His mouth turned up thoughtfully as he rustled his dark hair with his hand.  “Besides, I’m sick of traveling anyway.  A centuries’ worth of novel experiences is enough to last a lifetime.  I even missed dear old Skull Hollow.”

His eyes—a black identical to his sister’s—narrowed, adding an ominous undertone to his words.

Eliot nodded, feeling a similar boredom of travel.  “But,” he added.  “They’ve changed the name; it’s Wafter’s Point now.”

He remembered his annoyance at trying to find the town on a map.

“All the more reason to return, I suppose,” Hazel added.  With a dainty slide of her tongue she erased all traces of red liquid from her lips.  “The mortals should realize who truly owns this town, regardless.”

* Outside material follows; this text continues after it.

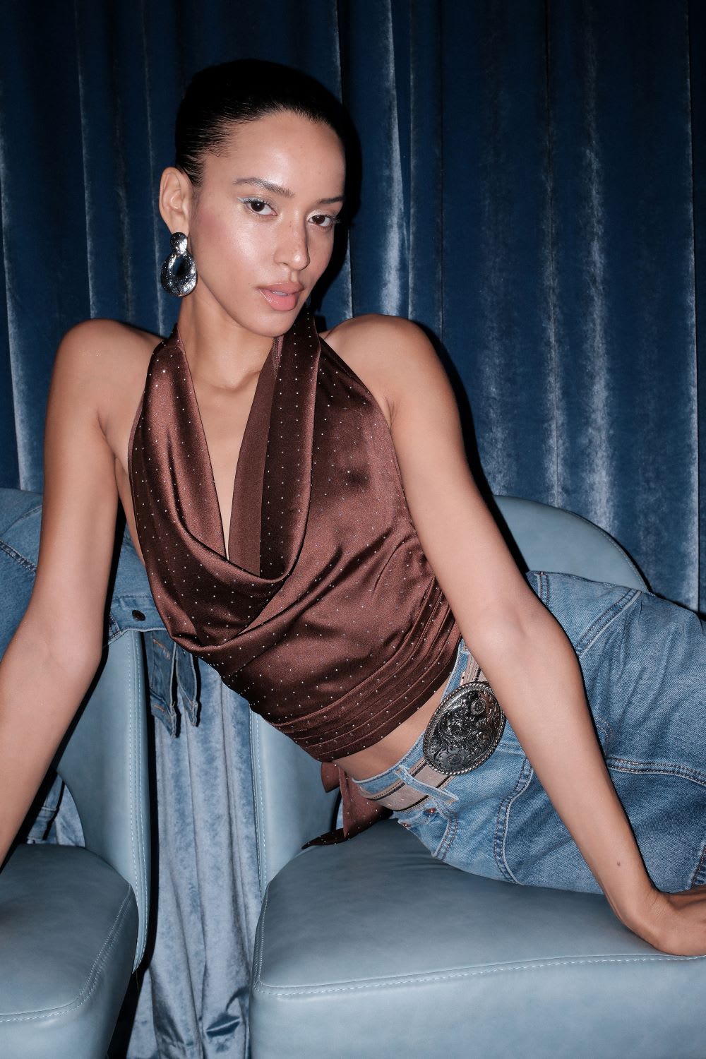 Store the Look: Notable Shine Brown Satin Rhinestone Halter Prime

Eliot kept his face blank.  Hazel was like that—always looking at the managerial side of things.  Though to mortal eyes she would appear barely in the prime of youth, a teenager at best, Eliot had no trouble imagining her elected as the town’s mayor before long.

Sage on the other hand…

Well, Eliot pitied whichever mortal girls would no doubt fall under his accomplice’s charm.  It happened wherever they went—Sage was a heartbreaker…in the literal sense.

“Are we in agreement?”  He asked out loud.

Sage nodded and went back to toying with his drink’s rim, already bored.  Hazel sighed.

“I suppose.”

“Good.”  Eliot turned and headed for the doorway that led to the rest of the massive house.

“Just stay out of trouble.”

“Can do,” he heard Sage whisper ominously, while Hazel tossed him a halfhearted “don’t we always?”